With changes in technology, we also have improved our services for authors and subscribers. In 2012, TCE entered into a partnership with Cambridge University Press (CUP). CUP is the world’s oldest publishing house and, in keeping with the philosophy of the Society, is a not-for-profit organization. This new partnership has allowed us to drop the requirement for page charges, and papers now appear online as ‘First View’ articles prior to hardcopy publication. Last year, TCEadopted a hybrid open-access model to give authors the option of making their papers open-access upon payment of a one-time fee. These changes have increased the number of manuscript submissions, which has allowed us to expand our published content by ten percent as of this year. Quite frankly, I’d be swamped if it weren’t for the efforts of the Assistant Editor to ensure a high-quality standard of editing for all accepted manuscripts.
Another feature of the journal that is often overlooked is that we accept proposals for review articles, special issues and supplemental issues. Special issues are papers with a common theme that appear in a regular issue of the journal. Supplemental issues are issues that are in addition to the normal six per year. This year is particularly exciting, because we have one of each. A special issue on Emerald Ash Borer will appear in the June issue. A supplemental issue on the history of forest entomology in Canada is being published later in 2015. Be sure to keep an eye open for these issues, and send me an email if you want to discuss ideas for potential reviews, special issues or supplemental issues.
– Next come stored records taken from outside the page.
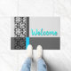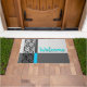 Mid Century Modern shapes on a colour blocked background in blues and greys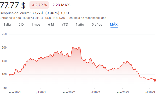 Desde el 2006, Concentrix fue una subsidiaria de SYNNEX Corporation, la cual decidió sacarla a bolsa a partir del 2020; como podemos ver en el grafico, su precio se encuentra actualmente por debajo del precio inicial de salida a bolsa.
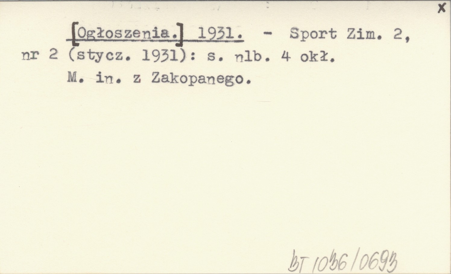 Sport Zimowy, 2, nr 2 (01.1931): [4] (okł.). M. in. z Zakopanego.

Other than EiC, what is it that I do as a researcher? My graduate research encompassed pests of wheat in northern Saskatchewan and gall-forming insects in riparian forests of Utah and Arizona. In 1993, I was hired by Agriculture and Agri-Food Canada to develop a biocontrol program for insect pests of livestock. Although I’m still with AAFC, my current research has expanded to include insect-symbiont interactions, insect-parasitoid interactions, the ecology of cow dung communities, the non-target effects of chemical residues, and use of molecular methods to barcode insects or characterize their bacterial associates. I worry a bit about being a “jack-of-all-trades, master-of-none”, but this breadth of experience has served me well in dealing with the large variety of submissions to the journal. Away from work and depending upon the season, you’ll find me hiking, curling, playing table tennis, reading, gardening and… of course… looking at bugs.
I’m getting more comfortable in my position as EiC, but I’m not complacent about the job. It takes time to do it well and I promise to take that time to ensure your submissions are dealt with in a timely and respectful manner. If I don’t, you know where to aim your emails.